Does the error occur with privileged containers? This error type sounds like something related to your user namespace configuration.

schuelermine commented 2 months ago

The error does not occur with privileged containers.

schuelermine commented 2 months ago

I have an idea of what might be causing this: I’m running from a disk that was installed to from a different computer. I wiped /nix and /etc and re-installed with appropriate hardware configuration, but I reset stateVersion thinking it’d be fine since I wiped /etc. Maybe that’s related?

adamcstephens commented 2 months ago

I don’t think the incus or lxd modules have any state version conditions and shouldn’t store anything in /etc.

Clearly some state is on your system or you have an incompatibility with something that has changed in Incus.

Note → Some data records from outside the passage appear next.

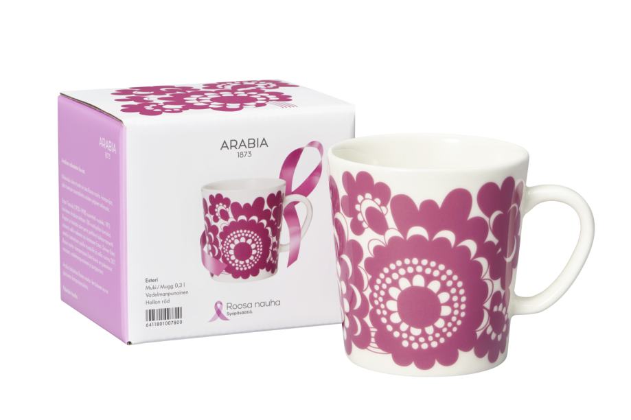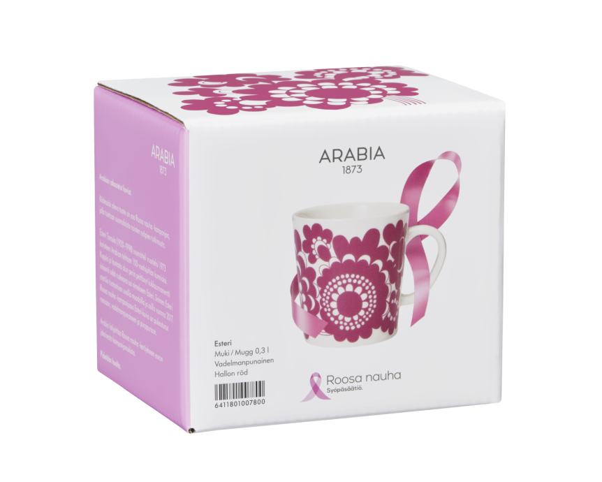 Skodelica je bele barve, okrašena z vzorcem esteri, ki ga je leta 1973 oblikovala Esteri Tomula. Za kampanijo Pink ribbon odeta v rožnato barvo. Omejena serija, odlično darilo.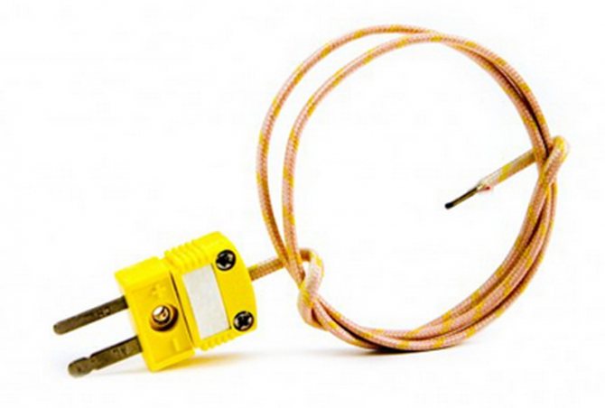 Les capteurs de température à thermocouple sont les plus couramment utilisés car ils sont précis, fonctionnent sur une large plage de températures allant de -200 ° C à 2000 ° C et sont relativement peu coûteux. Un thermocouple avec un fil et une fiche sur la photo ci-dessous: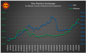 Kot poroča spletni portal PlasticsToday.com, »je podjetje PlasticsExchange izjavilo, da ohranja optimistično napoved tako za PP (polipropilen) kot za PE (polietilen) in pričakuje nadaljnje zvišanje cen v juliju: ponudba na prostem trgu je omejena, izvozno povpraševanje ne kaže znakov upadanja, na obzorju pa se lahko pojavijo motnje zaradi vremenskih razmer.«13,14 Proizvajalci so v juniju zahtevali tridesetcentno zvišanje cen PE, govorilo pa se je tudi o nadaljnjem zvišanju v juliju, pri čemer so kot glavni razlog navajali predvsem rastoče cene pomorskega prevoza. Omeniti je treba tudi, da so se podjetja BASF, Formosa Plastics, Bayport Polymers LLC in Dow Chemicals v začetku julija soočala z zaustavitvami proizvodnje.15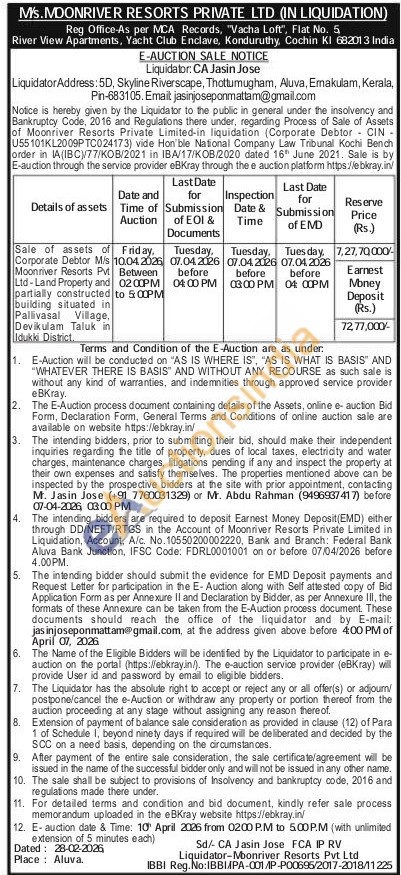 Sale of assets of Corporate Debtor M/s Moonriver Resorts Pvt Ltd-Land Property and partially constructed building situated in Pallivasal Village, Devikulam Taluk in Idukki District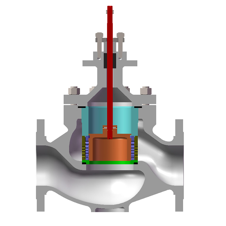 閥體結構緊湊,流體通道呈S型,設有導流翼,防止素流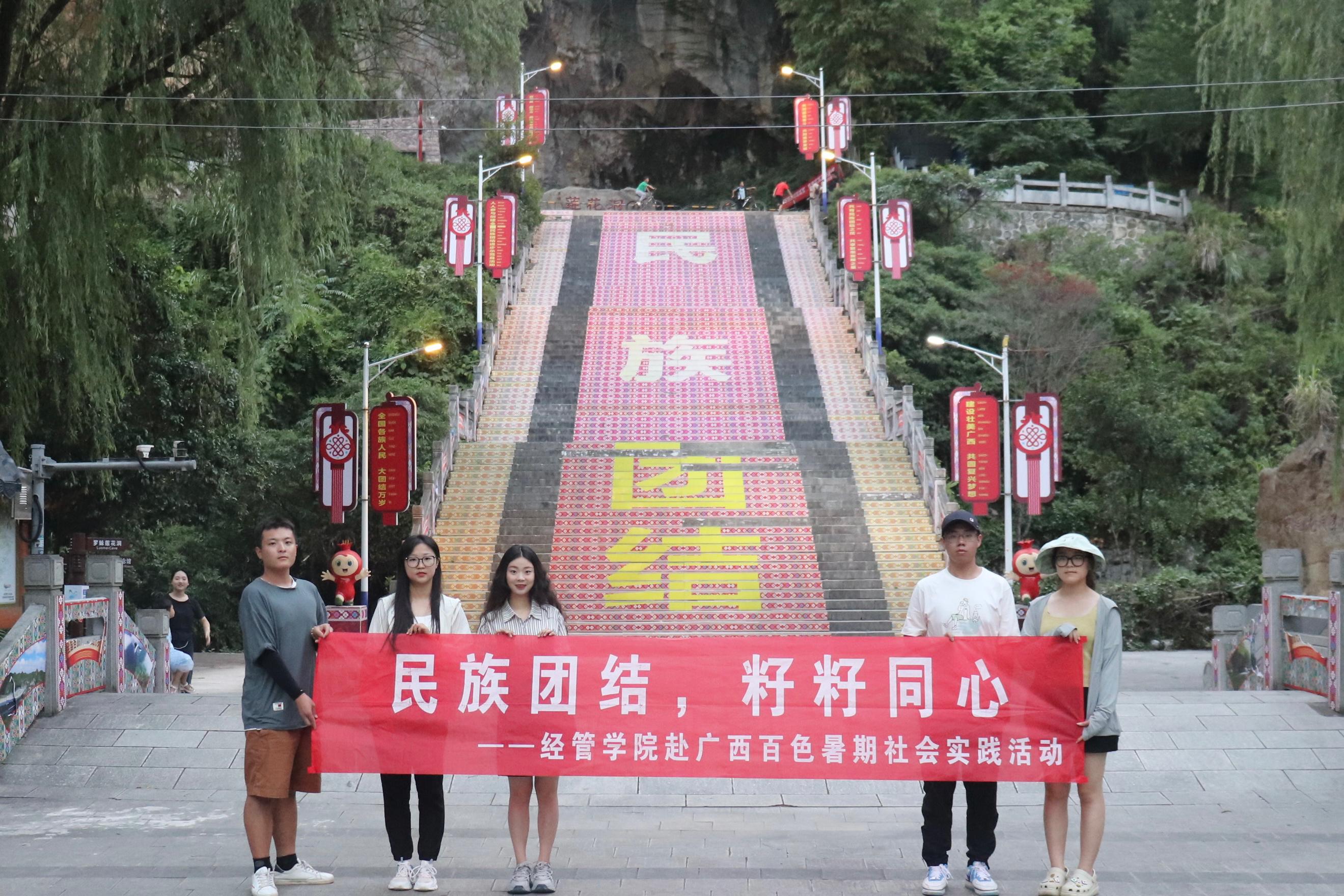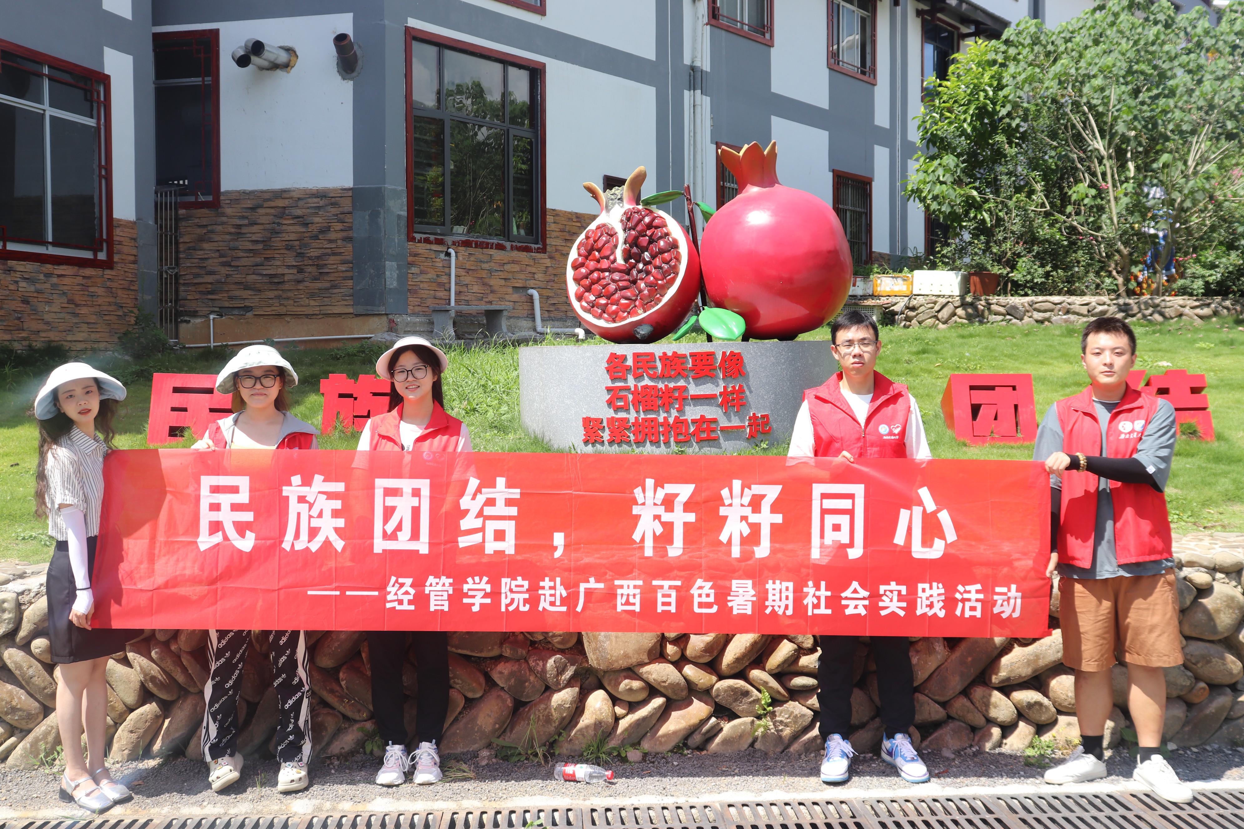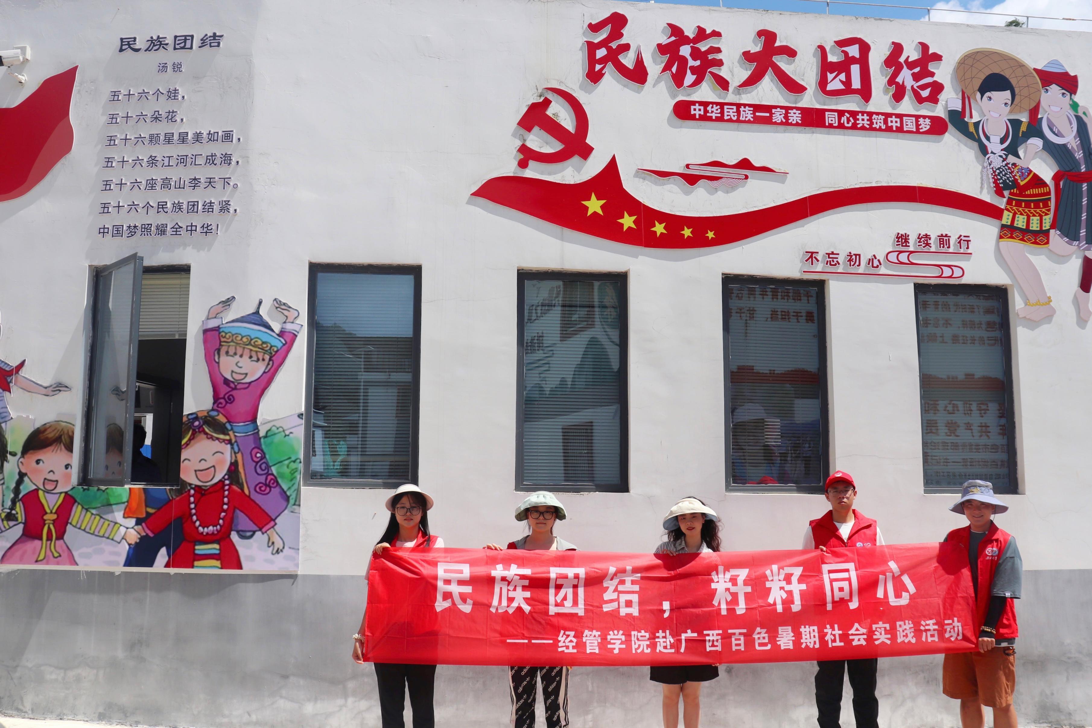 为深入学习贯彻中央民族工作会议精神、全面贯彻党的民族政策,扎实学习和广泛宣传习近平总书记关于加强和改进民族工作的重要思想、铸牢中华民族共同体意识,7月4日至7日,伟德bevictor中文版经济管理公司党委副书记杨宏毅、辅导员张先凌带领“赴广西百色宣讲中央民族工作会议精神”主题实践队赴广西壮族自治区百色市开展暑期“三下乡”社会实践活动。

I know there has been some changes to the user mapping stuff, but am not sure how to tell you to proceed troubleshooting.

You could try starting a support thread in https://discuss.linuxcontainers.org/

schuelermine commented 2 months ago

I have created a thread: https://discuss.linuxcontainers.org/t/after-migrating-from-lxd-to-incus-i-can-t-create-new-unprivileged-containers/21334?u=anselmschueler

schuelermine commented 2 months ago

A restart of the service fixed it. I don’t know what the problem was.

mkg20001 commented 2 months ago

I had a similar issue. My issue was resolved by removing virtualisation.lxd.enable = true, since lxd adds it's own subuid space.